(Data excerpts)
= Beginning of Section =
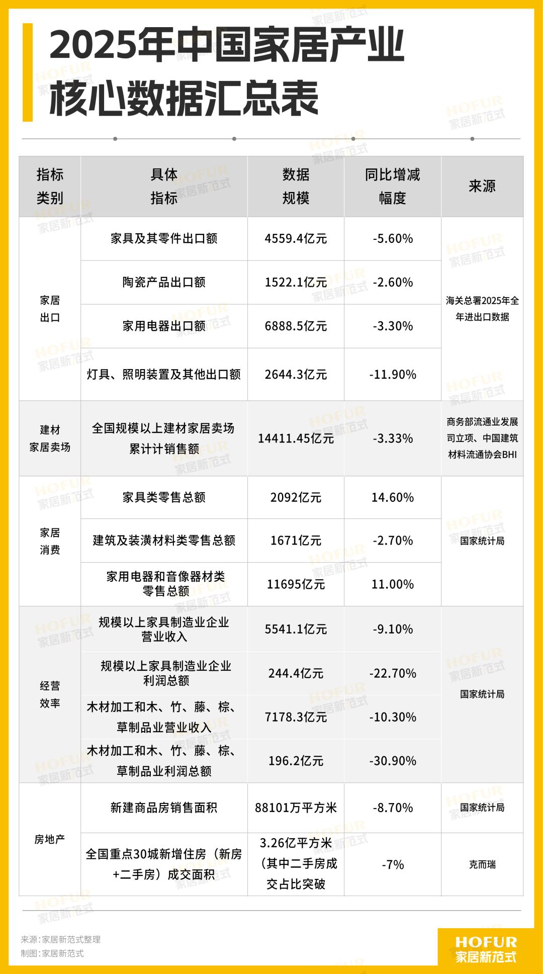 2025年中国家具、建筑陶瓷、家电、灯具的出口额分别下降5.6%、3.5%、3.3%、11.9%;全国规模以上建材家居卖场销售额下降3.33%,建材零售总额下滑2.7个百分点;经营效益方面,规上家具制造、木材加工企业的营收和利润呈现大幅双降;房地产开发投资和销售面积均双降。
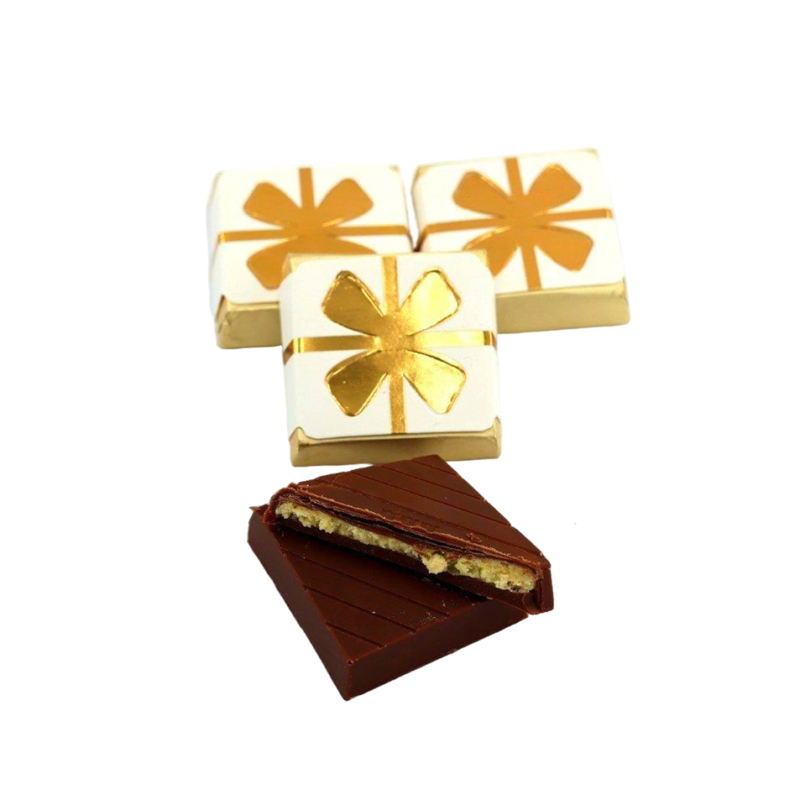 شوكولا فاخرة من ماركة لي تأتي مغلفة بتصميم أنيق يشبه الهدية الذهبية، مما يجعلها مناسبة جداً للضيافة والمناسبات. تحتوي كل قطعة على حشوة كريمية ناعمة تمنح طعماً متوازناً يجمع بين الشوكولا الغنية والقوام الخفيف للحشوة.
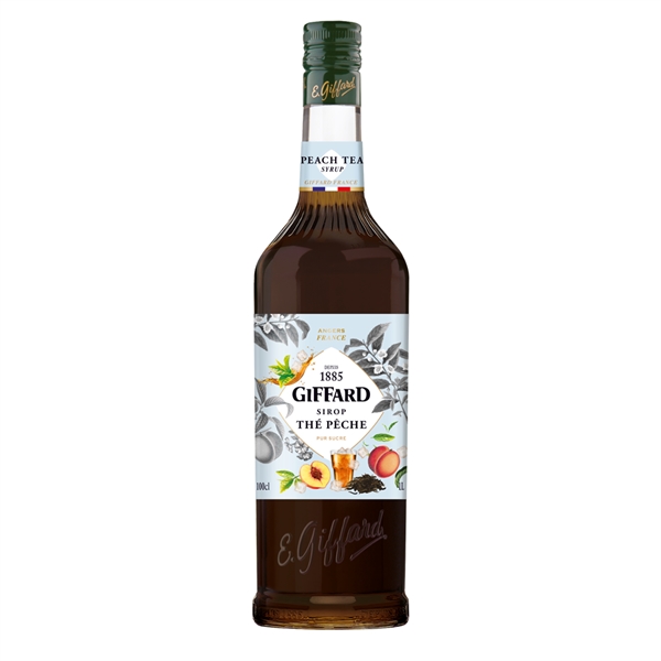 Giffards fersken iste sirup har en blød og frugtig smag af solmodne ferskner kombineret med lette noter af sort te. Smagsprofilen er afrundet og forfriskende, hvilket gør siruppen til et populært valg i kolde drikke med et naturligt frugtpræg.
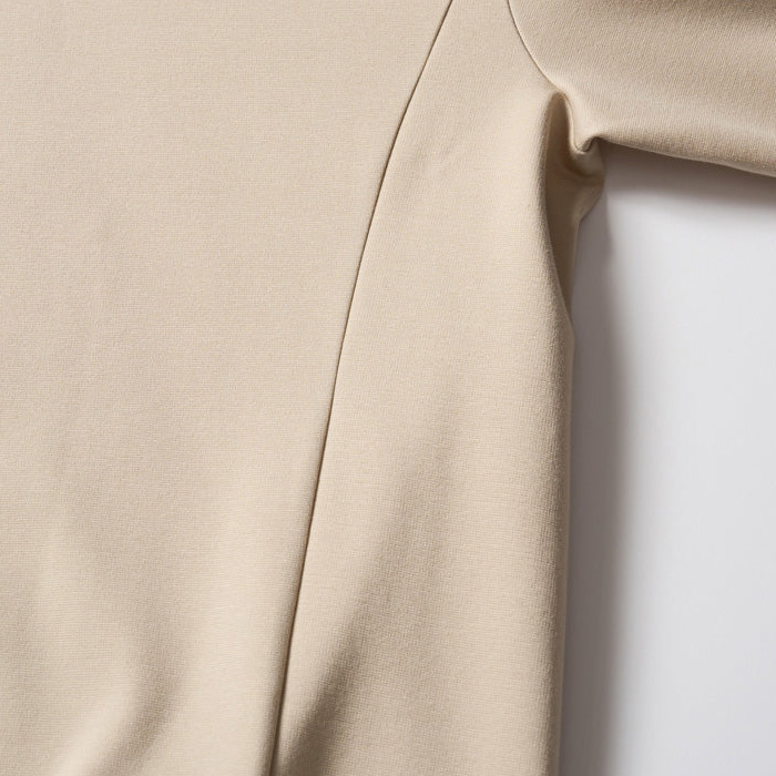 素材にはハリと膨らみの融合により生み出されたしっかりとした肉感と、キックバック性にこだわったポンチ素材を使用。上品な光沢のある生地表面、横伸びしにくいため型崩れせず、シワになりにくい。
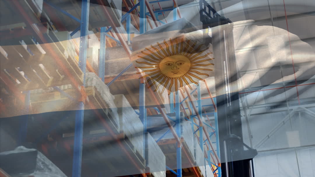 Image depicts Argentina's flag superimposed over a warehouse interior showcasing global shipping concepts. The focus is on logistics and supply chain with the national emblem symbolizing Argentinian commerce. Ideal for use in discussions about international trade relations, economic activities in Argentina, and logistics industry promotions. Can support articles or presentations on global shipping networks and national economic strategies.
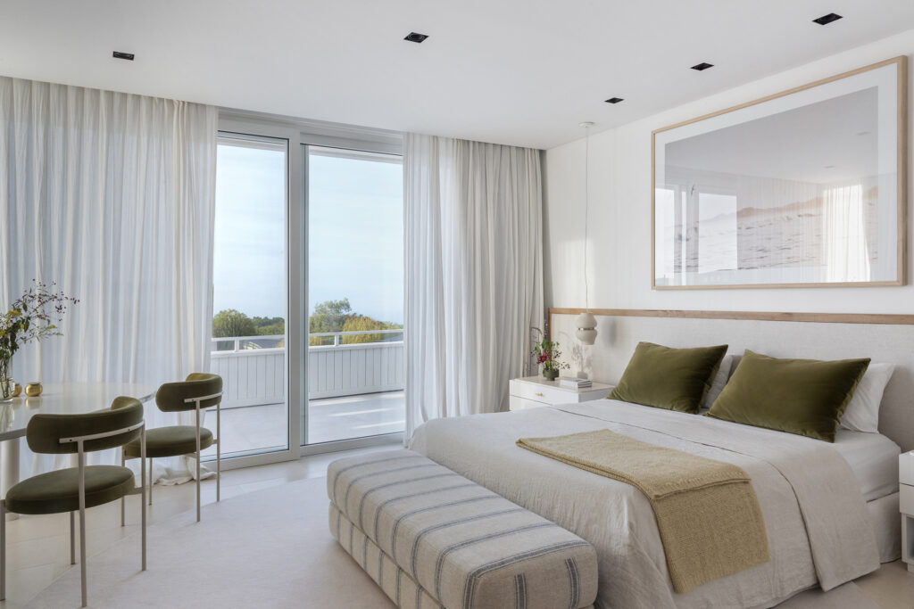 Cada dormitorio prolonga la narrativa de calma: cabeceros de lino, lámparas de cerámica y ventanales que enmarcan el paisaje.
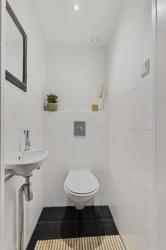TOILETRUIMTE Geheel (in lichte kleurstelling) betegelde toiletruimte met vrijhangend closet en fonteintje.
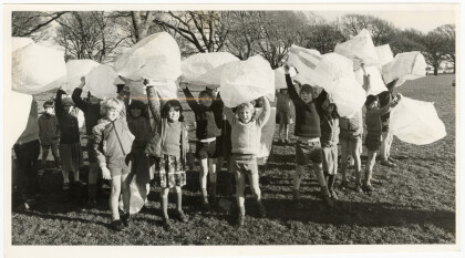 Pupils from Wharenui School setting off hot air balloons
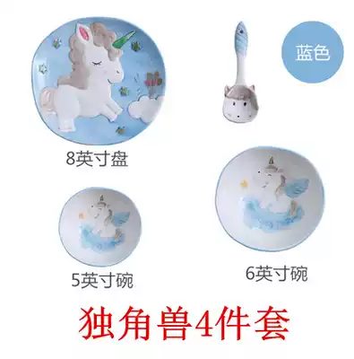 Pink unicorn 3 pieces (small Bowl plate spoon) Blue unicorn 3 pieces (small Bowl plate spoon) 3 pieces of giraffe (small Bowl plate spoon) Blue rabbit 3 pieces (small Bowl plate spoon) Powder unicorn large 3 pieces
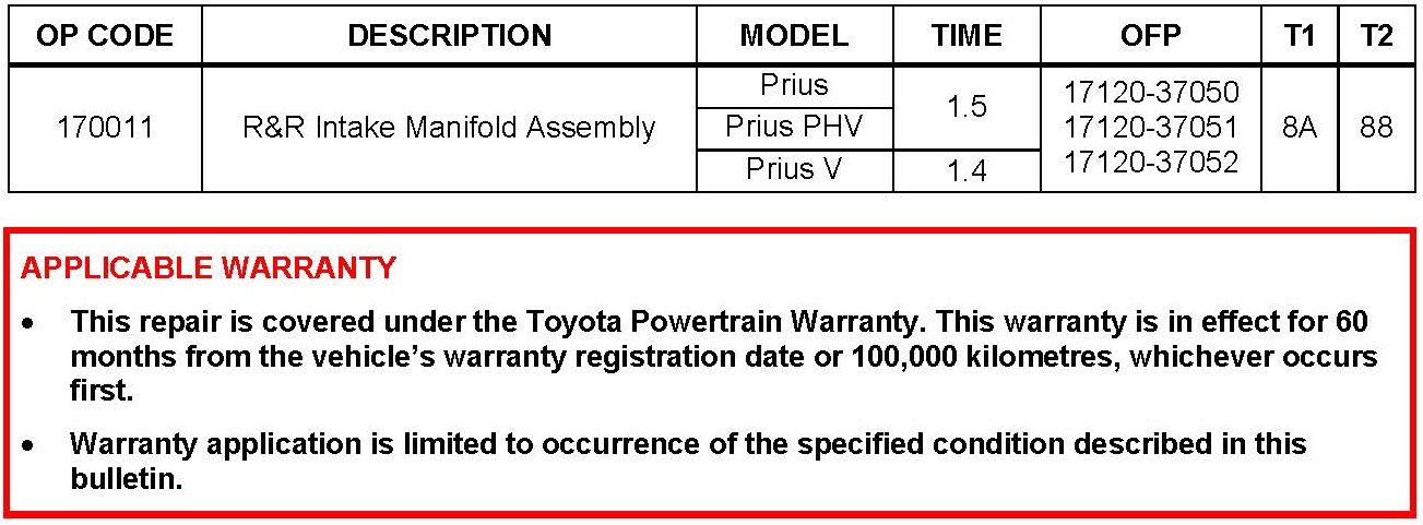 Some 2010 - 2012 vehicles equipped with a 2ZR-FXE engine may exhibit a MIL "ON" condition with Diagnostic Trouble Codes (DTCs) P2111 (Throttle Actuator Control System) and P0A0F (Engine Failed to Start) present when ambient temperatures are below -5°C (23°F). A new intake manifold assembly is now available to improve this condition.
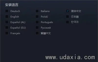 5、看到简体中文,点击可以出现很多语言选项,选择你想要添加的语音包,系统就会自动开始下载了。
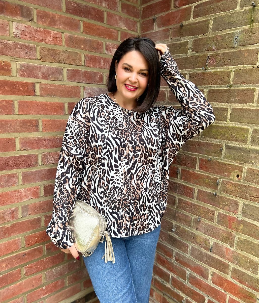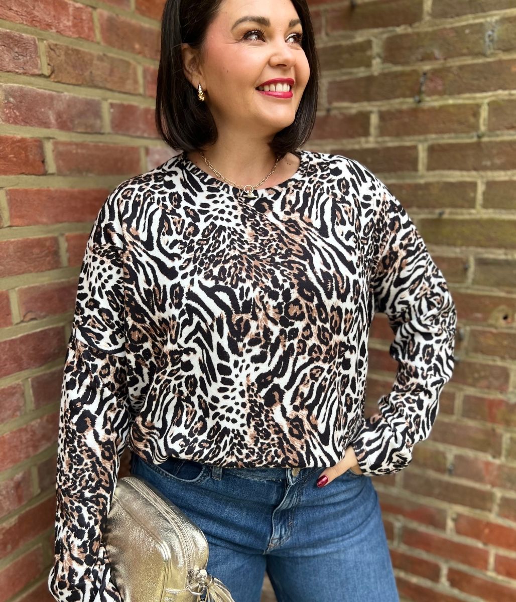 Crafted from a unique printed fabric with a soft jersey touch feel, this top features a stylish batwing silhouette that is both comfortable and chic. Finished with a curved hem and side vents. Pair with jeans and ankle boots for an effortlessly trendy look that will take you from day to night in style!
= End of Section =
PROBLEM DESCRIPTION. Without any picture, return exactly the lines of the records above from the first through the line that contains "Giffards fersken iste".

WRITTEN REPLY.
 2025年中国家具、建筑陶瓷、家电、灯具的出口额分别下降5.6%、3.5%、3.3%、11.9%;全国规模以上建材家居卖场销售额下降3.33%,建材零售总额下滑2.7个百分点;经营效益方面,规上家具制造、木材加工企业的营收和利润呈现大幅双降;房地产开发投资和销售面积均双降。
 شوكولا فاخرة من ماركة لي تأتي مغلفة بتصميم أنيق يشبه الهدية الذهبية، مما يجعلها مناسبة جداً للضيافة والمناسبات. تحتوي كل قطعة على حشوة كريمية ناعمة تمنح طعماً متوازناً يجمع بين الشوكولا الغنية والقوام الخفيف للحشوة.
 Giffards fersken iste sirup har en blød og frugtig smag af solmodne ferskner kombineret med lette noter af sort te. Smagsprofilen er afrundet og forfriskende, hvilket gør siruppen til et populært valg i kolde drikke med et naturligt frugtpræg.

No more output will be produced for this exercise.